But overcoming his own doubts, he deliberately succumbs to the temptation voiced by the Weird Sisters with all-consciousness of the evil he is embracing:

‘Stars, hide your fires!

Let not light see my black and deep desires;

The eye wink at the hand; yet let that be,

Which the eye fears, when it is done, to see (Shakespeare, 2008, I. 4: 50–53).

This is not the case with Maqbool. He pays no heed to the prophecies of Pandit until his first prediction (that Maqbool would control the Mumbai film industry) comes true. Even after the fulfilment of the first prophecy, the thought of acting according to the predictions of Pandit do not cross Maqbool’s mind. And yet he is annihilated. Thus the power of the two police inspectors is not dependent on Maqbool’s actions. In fact, throughout the film, Maqbool seems more a passive recipient. We find here a subversion of Macbeth’s personal tragedy, as Maqbool becomes more of a puppet in the hands of a larger political game where he is merely used as a pawn by political leaders like “Bhonsle” and “Palekar”, and law keepers like “Pandit” and “Purohit”.

The three Weird Sisters of Macbeth are shown as agents of a malevolent Fate. In Shakespeare they acquire their power by selling their souls to Satan and are controlled by familiar spirits on Earth. They have the power of foreknowledge, and may predict what fate has in store but they are not Fate themselves.
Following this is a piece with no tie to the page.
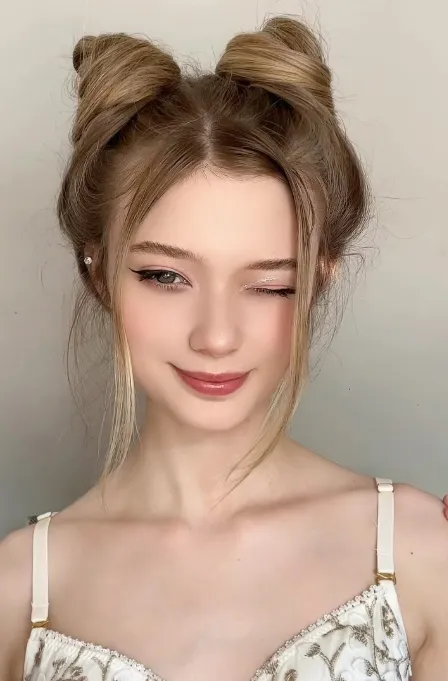 4. Voluminous Cat Ear Buns: Playful & Modern

Unlike the Weird Sisters, by invoking “balance” and by promoting it through their own insidious activity, Maqbool’s Hindu officers not only foresee the workings of fate, but identify themselves with it. When this tale of lust and murder, bloodshed and treachery is at its full sway, one of the officers (Pandit) warns his partner (Purohit) not to eat Saturn, when he finds him picking up a piece of sweet which has been used as a figure in the astrological chart constructed of sweets, since Saturn eats people. “Whom shall it swallow?” asks Purohit, chewing on another piece of the chart. His partner replies, smiling, “Who do you want eaten?” Thus they are not merely agents of Fate, easing the world of an imbalance of evil; they are at times Fate itself.

Thus the ultimate king-makers are two police officers whose names are significantly “Purohit” and “Pandit”. “Purohit” may be defined as a sanctioned practitioner of religion with immense power wielding capacity in society. And “Pandit”, an erudite/ a producer of knowledge: one who is entrusted with the task of rationalizing and thereby legitimizing the power the purohit wields. Seen from this perspective the image of the astrological chart of Mumbai, almost obliterated by stains of the blood of a Muslim man, at the beginning of the film assumes a new significance. It is “Purohit” who washes the destiny of the city with the blood of a Muslim henchman. Unsurprisingly, the prediction is done by “Pandit” and the execution by “Purohit”. Thus what initially seems as a towering invincible Islamic power structure at the centre of the story is later reduced to a stifled, confined Muslim community, circumscribed, moulded and contained by the Hindu authorities with the age-old ideological weapons of caste, erudition and state machinery represented by the two so-called “law-keepers”.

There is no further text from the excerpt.